In summary, Harvey murine sarcoma virus is a retrovirus that carries the v-src oncogene, causing uncontrolled cell growth and leading to the development of sarcomas in infected mice.
Adenovirus E1A proteins are the early region 1A proteins encoded by adenoviruses, a group of viruses that commonly cause respiratory infections in humans. The E1A proteins play a crucial role in the regulation of the viral life cycle and host cell response. They function as transcriptional regulators, interacting with various cellular proteins to modulate gene expression and promote viral replication.
There are two major E1A protein isoforms, 289R and 243R, which differ in their amino-terminal regions due to alternative splicing of the E1A mRNA. The 289R isoform contains an additional 46 amino acids at its N-terminus compared to the 243R isoform. Both isoforms share conserved regions, including a strong transcriptional activation domain and a binding domain for cellular proteins involved in transcriptional regulation, such as retinoblastoma protein (pRb) and p300/CBP.

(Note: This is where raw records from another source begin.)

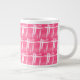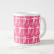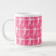 Caneca jumbo apresentando um design feito de traços brancos a rosa.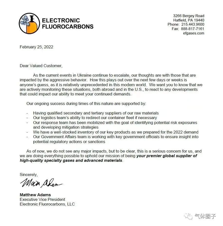 2月26日,美國(guó)電子特氣公司EFC發(fā)布聲明:公司已經(jīng)為2022年準(zhǔn)備了充足的全年庫(kù)存,而且擁有合格的第二和第三材料供應(yīng)商。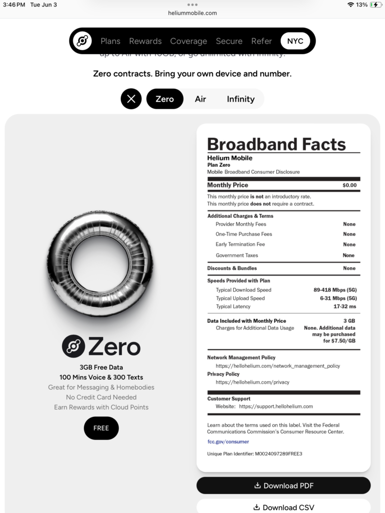 If you’re looking for a free Mobile carrier may want to try Helium Mobile as they say the service is free. To get started head on over to https://heliummobile.com, then tap on “Plans” from the navigation bar, then you should see a button that says “see our plans”. Now you should see three different plans, which is zero, air, and infinity.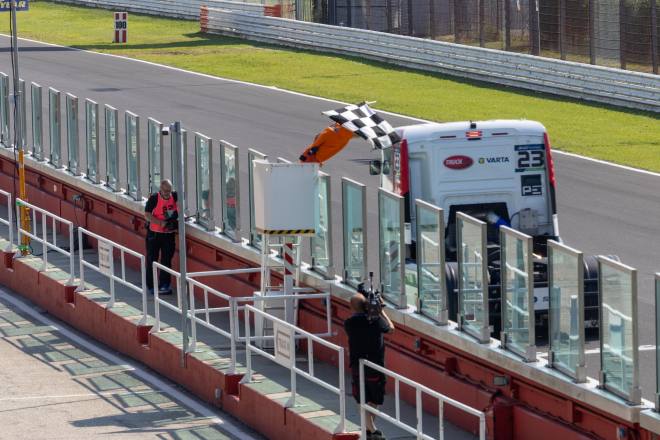 Kiss ging also als klarer Favorit in das Auftaktrennen des Jahres 2023, das wegen der nassen Piste unter Gelb gestartet wurde. Etwas überraschend schoss dann nach der dritten Runde Jochen Hahn im IVECO als Führender über den Zielstrich: Ein technischer Defekt hatte den Top-Favoriten zur vorzeitigen Aufgabe gezwungen, der Rekord-Europameister kam so zum ersten Sieg. Auf den Plätzen zwei Fahrer, die man dort nicht unbedingt erwartet hätte: Antonio Albacete und André Kursim. Sascha Lenz hatte sich im Qualifying verzockt und musste vom Ende des Feldes starten, mehr als Platz fünf war für den Plaidter dann nicht mehr zu holen. Vor ihm kam der jüngste Spross der portugiesischen Truckrace-Familie Rodrigues ins Ziel: Opa Eduardo und Vater Jose applaudierten Jose Eduardo, der es richtig krachen ließ in Misano. Am Sonntag kam der Youngster in Race vier sogar als Zweiter ins Ziel, in der Gesamtwertung liegt er nach dem ersten von acht Wochenenden auf Rang 5.

The interaction between E1A proteins and pRb is particularly important because it leads to the release of E2F transcription factors, which are essential for the initiation of viral DNA replication. By binding and inactivating pRb, E1A proteins promote the expression of cell cycle-regulated genes that facilitate viral replication in dividing cells.
In summary, adenovirus E1A proteins are multifunctional regulatory proteins involved in the control of viral gene expression and host cell response during adenovirus infection. They manipulate cellular transcription factors and pathways to create a favorable environment for viral replication.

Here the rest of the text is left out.